Friday, January 15, 2021

Alienated America: Why Some Places Thrive While Others Collapse (2020)   By Timothy Carney

Conservative author Carney (commentary writer for the Washington Examiner) has researched community stability to understand why certain demographics voted for a candidate whose message was "the American dream is dead".  He asserts that the American dream is not wealth but social capital: that is, those institutions of civil society, that connect us, eg, the kids' soccer team, the book club, the local church.  Carney notes that Trump led in rural areas and sectors where people were civically disengaged" - unemployed, divorced, poor, or unchurched.  He tapped into their frustration.  Thus, Trump's support came not only from areas where factories were closing, but where churches were closing.  Carney asserts that place determines more about how a person votes than how well individuals are faring.   Differences between places are not only wealth and education but of health, hope and opportunity.

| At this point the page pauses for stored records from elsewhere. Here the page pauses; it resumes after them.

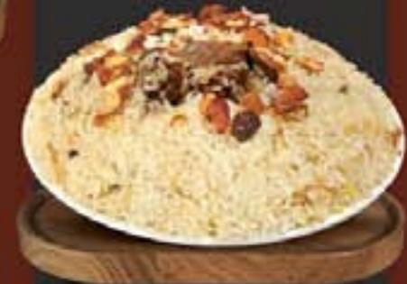
44 لحم بيرياني MUTTON BIRIYANI 16.00 45 لغون دجاج بيرياني LEGHORN CHICKEN BIRIYANI 14.00
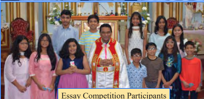
Essay Competition Participants
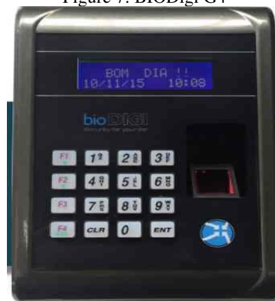
Figure 7: BIODigi G4

The access control to the floors of the building will be performed by the BIODigi G4 device, where only previously authorized people will have access to each respective floor. With registration capacity for 5000 users, this device has TCP/IP connection and record of up to 200,000 events. It also has access by biometrics, RFID card and password.
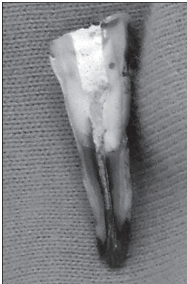
Figure 2. Dye penetration in teeth obturated using Apexit and gutta-percha softened in chloroform

Slika 1. Linearni prodor boje kod zuba opturisanog pastom AH Plus i gutaperkom razmekšanom u hloroformu
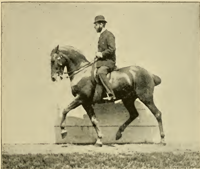
IN HAND IN THE TROT.

croup and meet these with the hand until the cadence of the pace becomes regular, and the animal moves with its head held perpendicularly to the plane of movement, its neck curved,
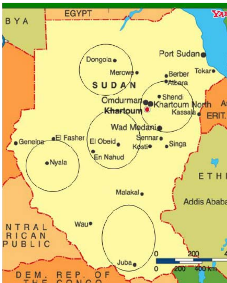
Figure 1: Particularly vulnerable rural areas in the Sudan

such an identification). Around another 10% are vague regarding this issue. Phrases such as “coastal zone” or “areas with great environmental pressure” fit into this category. The following formulation is one of the very rare, relatively concrete ones: “Settlements on the south-western coast were found to be most vulnerable, and much of Barbuda is likely to be inundated under a one metre sea level rise scenario”. 24 The Philippines’ National Communication from 2000 also provides a more concrete example: “Densely populated areas along the coast, especially the squatter areas of Navotas and Malabon, may survive ASLR [Accelerated Sea Level Rise] but will be very vulnerable to severe storm surge(s)”. 25 Vulnerability mappings are almost non-existent in the documents screened. Sudan’s NAPA is one of the few exceptions (see figure 2).
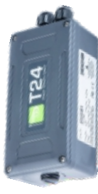
T24-SO Wireless serial ASCII output module
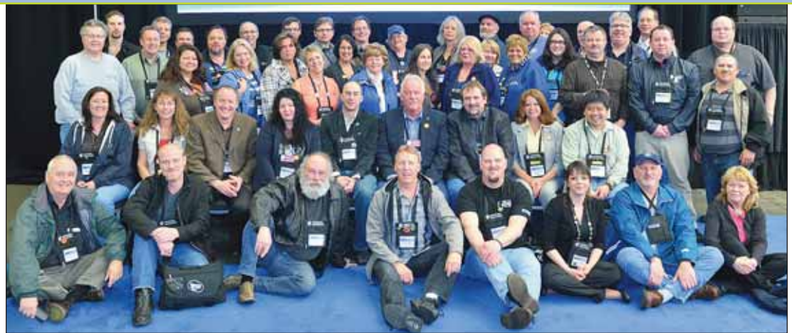
□ LEFT COAST SOLIDARITY CUPE delegates from B.C. assemble at the Canadian Labour Congress' bi-annual convention, held this past May in Vancouver. The convention, billed as "Good Jobs. Better Lives—Unions make a difference," focused on building a strong, sustainable national economy that creates family supporting jobs and ensures no one is left behind.

PORT ALBERNI | CUPE 727, representing workers in the Alberni School District on Vancouver Island, welcomed
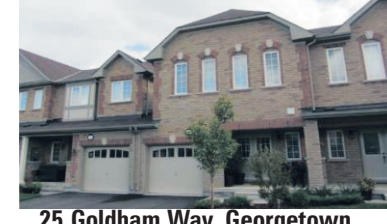
25 Goldham Way, Georgetown Saturday, October 1, 2:00-4:00 $384,900 11-390 haltonhomes.com W2182606
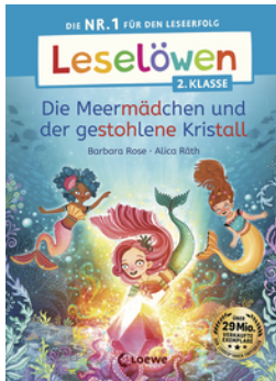
Reading Lions (Year 2) – The Sea Girls and the Stolen Crystal
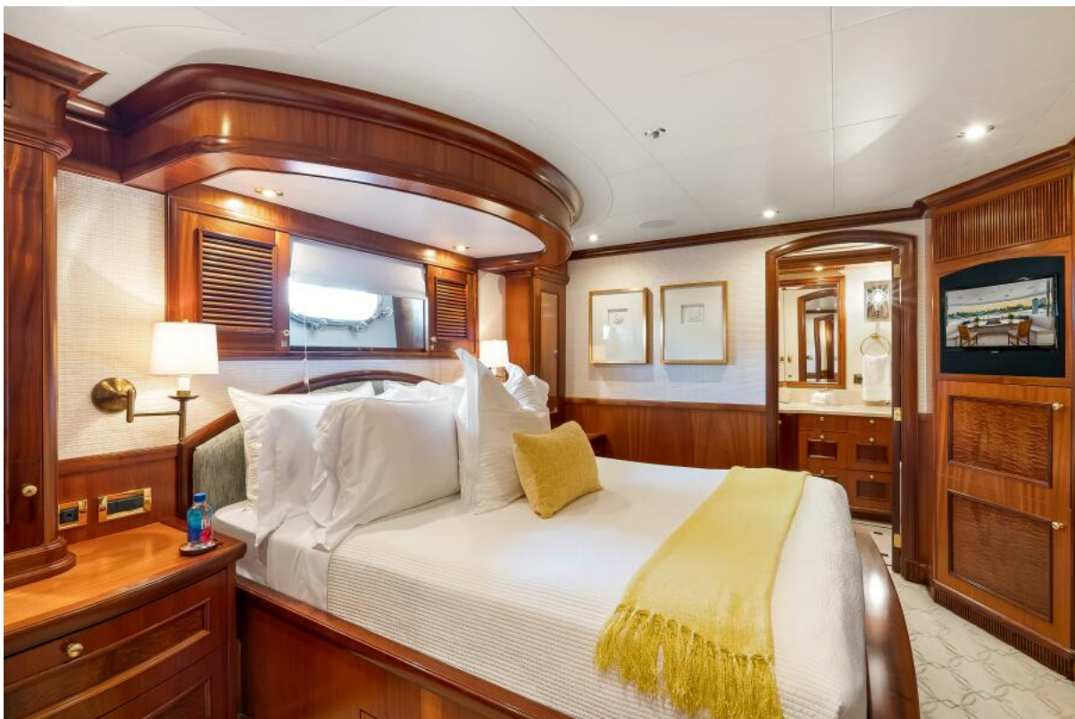
Guest Stateroom Port side

Carney harks back to the US in the mid-1950s - a time of greater equality, good jobs for all (white and blue collar alike), 90% of adults married by age 30, most attending church, many opportunities to participate in community (bowling league, labor unions, local athletic club).   By the late 1950s, however, Europe is back on its feet (after the war) and producing its own steel (and other manufactured products) to compete with the US and bring prices down and inventory up.  Yet Pittsburgh, for example, adapted both to foreign competition and environmental regulations and regrew a strong economy thought jobs in finance, health sector and retail.  It is not the manufacturing failure Trump liked to tout, but a white collar success.  So where do Trump's claims come from?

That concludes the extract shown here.